Miranda gathered more than a dozen musicians to collaborate on "Almost Like Praying." Proceeds benefit the Hispanic Federation's Unidos Disaster Relief Fund.
Miranda said the song came about because he "felt as helpless as anyone with family on the island, or friends on the island."
"There was a terrible sort of silence, breakdown in communications, their power grid destroyed, cell towers destroyed, and what I saw on my Facebook feed, and I'm sure a lot of other Latinos feel the same way, was this roll call of towns," he said on "CBS This Morning."
The song calls out all 78 towns.
He also shared a video of himself as a teenager with Stephen Colbert, singing about coming back to New York after a trip to Puerto Rico to visit family members, and shared his and the other vocalists' memories of happier times in their hometowns.
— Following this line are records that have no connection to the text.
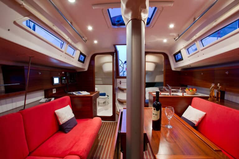 A cruiser – racer in the truest sense, this yacht is designed for sailors whose appetite for performance persists is well beyond the race course. The Salona 35 is designed by J&J Design and optimized by Jason Ker. The stern offers a thoroughly practical cockpit comfortable for cruising and functional for racing. It also features an easily convertible open to closed transom. Two spacious lockers with an additional dedicated locker for two gas bottles, as well as two standard carbon fiber steering wheels and high – end sailing gear all make single handed sailing easier. It comes standard with a two wheels system, and cascade backstay that can ensure simple and accurate rig tuning. The S35’s deep rudder is designed for optimum “grip” and maximum “feel,” offering responsive and reliable handling across all sea conditions and points of sail. A teak dinette table appropriate for cruising can be easily removed for a race and then just as easily replaced. The S35 features the ideal accommodations for family to stay overnight comfortably during leisure trips or for the crew to use during regattas. Standard interior is a two cabin version with spacious head and large navigation table, functional galley and folding bunk beds in the salon (optional).
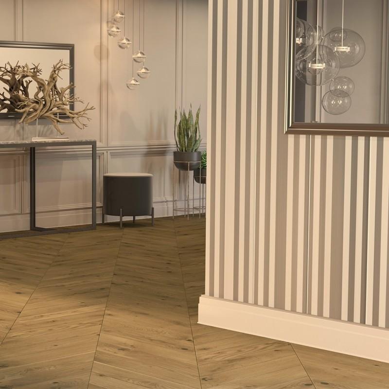 Изготовленная из древесины настоящего дуба доска Ontario Piccolo Chevron имеет шевронный узор и шикарный оттенок, в котором сочетается светло-коричневый и золотистый цвет. Она идеально подойдет для людей, которые уважают традиции, но хотят идти в ногу со временем. Ведь Ontario Piccolo Chevron от Barlinek – это самое напольное покрытие, которое эффектно оживит современные композиции и станет гармоничным дополнением классического декора. Более того, созданная в виде французской елки, эта доска наполнит квартиру теплом и уютом родного дома.
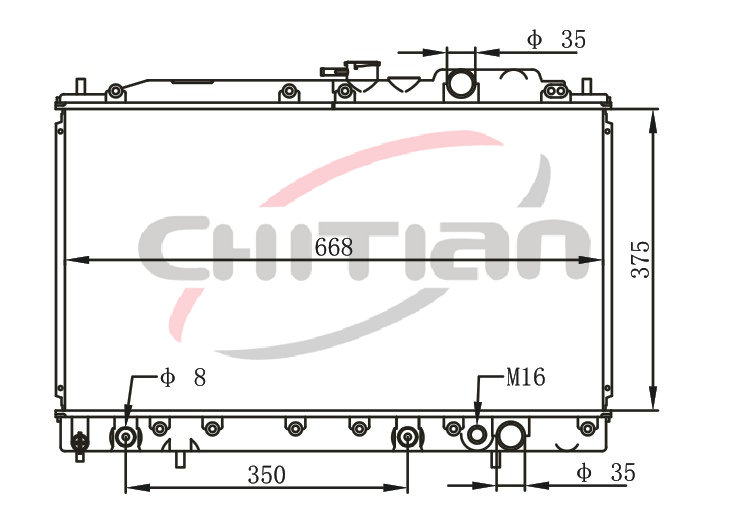 Name: RadiatorPart No.: CT-MB171Remark: Depth (mm):16Length (mm):668Transmission ():ATWidth (mm):375OEM Number
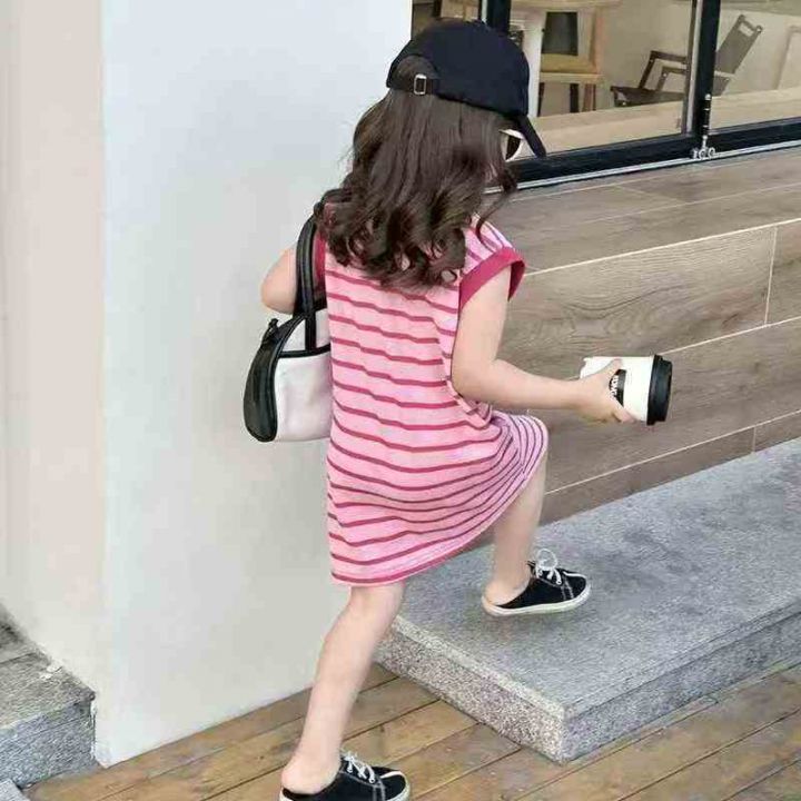 230件左右女童无袖粉色条纹长款T恤韩版夏季2025新款儿...
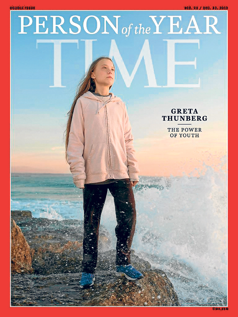 Aclamada por muchos y criticada por otros, la joven activista ambiental de 16 años, Greta Thunberg (2003) fue elegida por la Revista Time como el personaje del año. La publicación tituló la fotografía con la frase “el poder de la juventud” pues lideró la manifestación más grande en favor del clima en septiembre de este año. Ayer, en su intervención en la COP25 en España, dijo que hay esperanza porque las personas “empezaron a despertar”. P14
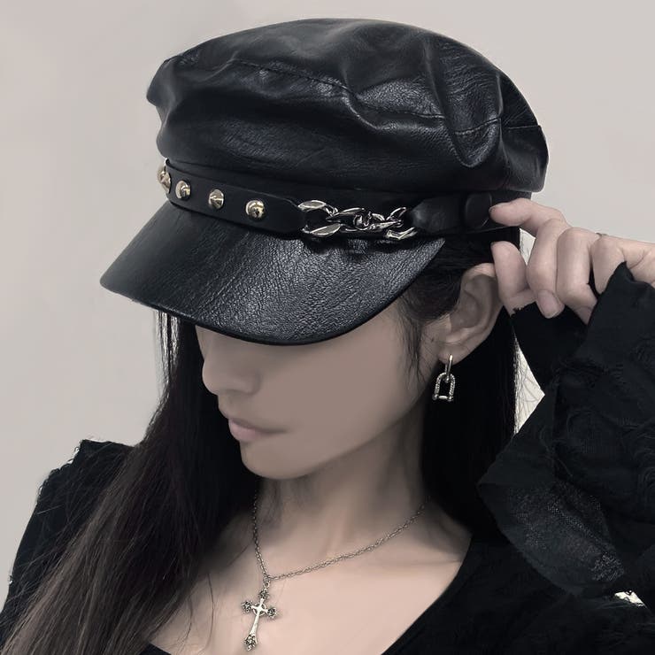 【10%OFFクーポン!11/27(木)1:59まで】ililil MAD MAD【マッドマッド】PUレザースタッズ&チェーンキャスケット/全1色キャスケット PUレザー ベルト 帽子 ヴィジュアル系 V系 黒 ブラック メンズ きれいめ 地雷系 チェー
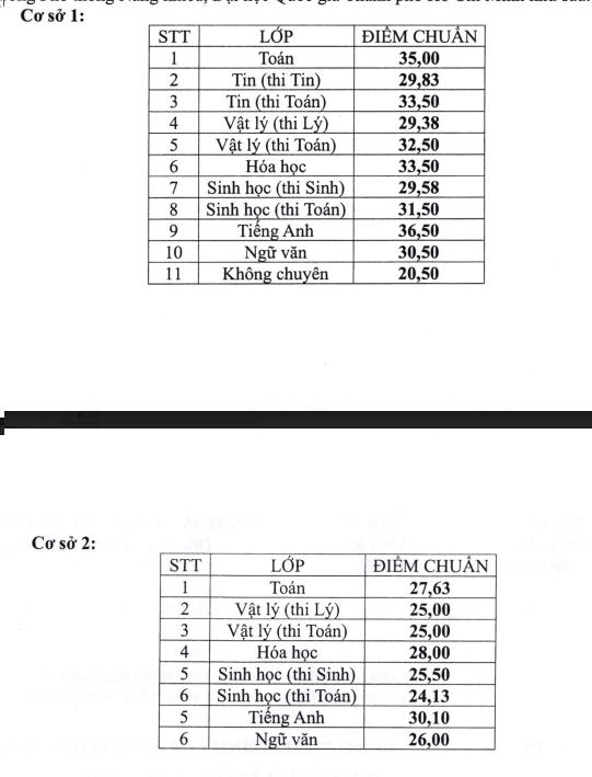 Cơ sở 2, tại Khu đô thị ĐHQG-HCM (khu phố 6, phường Linh Trung, quận Thủ Đức) tuyển 210 học sinh cho 6 lớp chuyên toán, vật lý, hóa học, sinh học, tiếng Anh và ngữ văn, mỗi lớp không quá 35 học sinh.
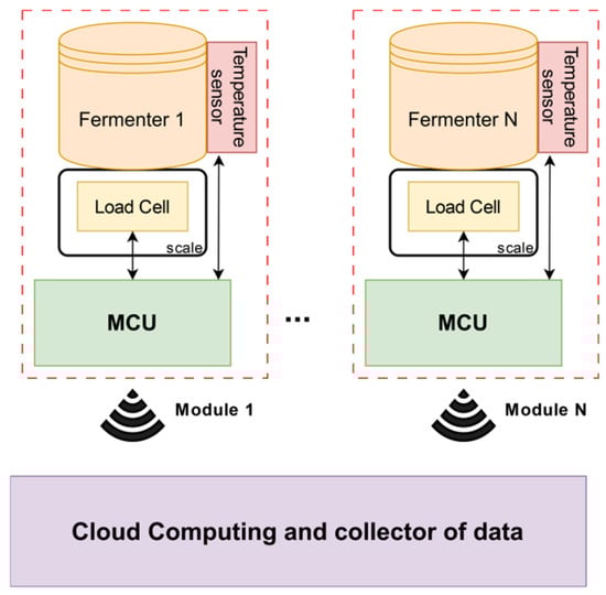 As shown in Figure 1, each monitoring module is connected to a server that collects the information through wireless communication. Each module comprises a microcontroller, a temperature sensor, four load cells that convert the force applied to them into electrical signals, the necessary circuitry to condition the acquired signals, and the mechanics required to be placed under the fermenter.
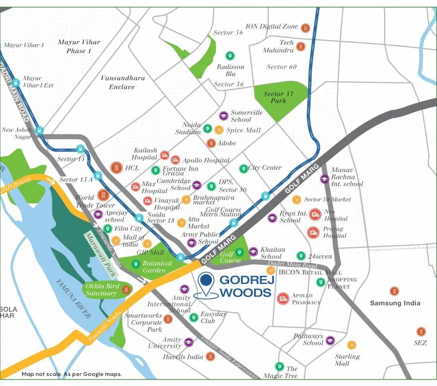 Ans: Godrej Woods is located in Sector 43, Noida, Uttar Pradesh, India.
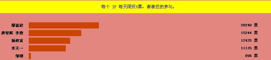 ![]() http://www.5tv.com.cn/superkid2011 ,我侄女名字叫邹瑾,11号选手, 这是她参加一个幼儿节目,我作为姑姑理应为她拉拉票其它也做不了什么了,呵呵^_^,我小侄女的视频,http://www.5tv.com.cn/superkid2011/videos/7768大家看后若认为不错的话,请投出您宝贵的5票,呵呵因为可以刷新页面5次,所以每个IP可以投5票,每天都可以投5票,非常感谢! ![]() 天啊,听我弟弟说是断了网络IP变了可以连续投,没有时间限制每天都可投。辛苦大家了!刚得到好消息,宝宝已经进入总决赛了,9月10号开赛,这期间一直可以投,哈哈 [ Last edited by zouyan2007 on 2011-9-1 at 22:38 ] |

Miranda's first nod from the Pulitzer Board came in 2009, when he was a finalist for the Drama prize with Quiara Alegría Hudes for "In the Heights,"a musical about struggling Latino immigrants in New York City today that celebrates the virtues of sacrifice, family solidarity and gritty optimism.
"Almost Like Praying" riffs on the song "Maria" from the 1957 musical "West Side Story" — with lyrics by 1985 Pulitzer winner Stephen Sondheim and music by frequent Pulitzer entrant Leonard Bernstein.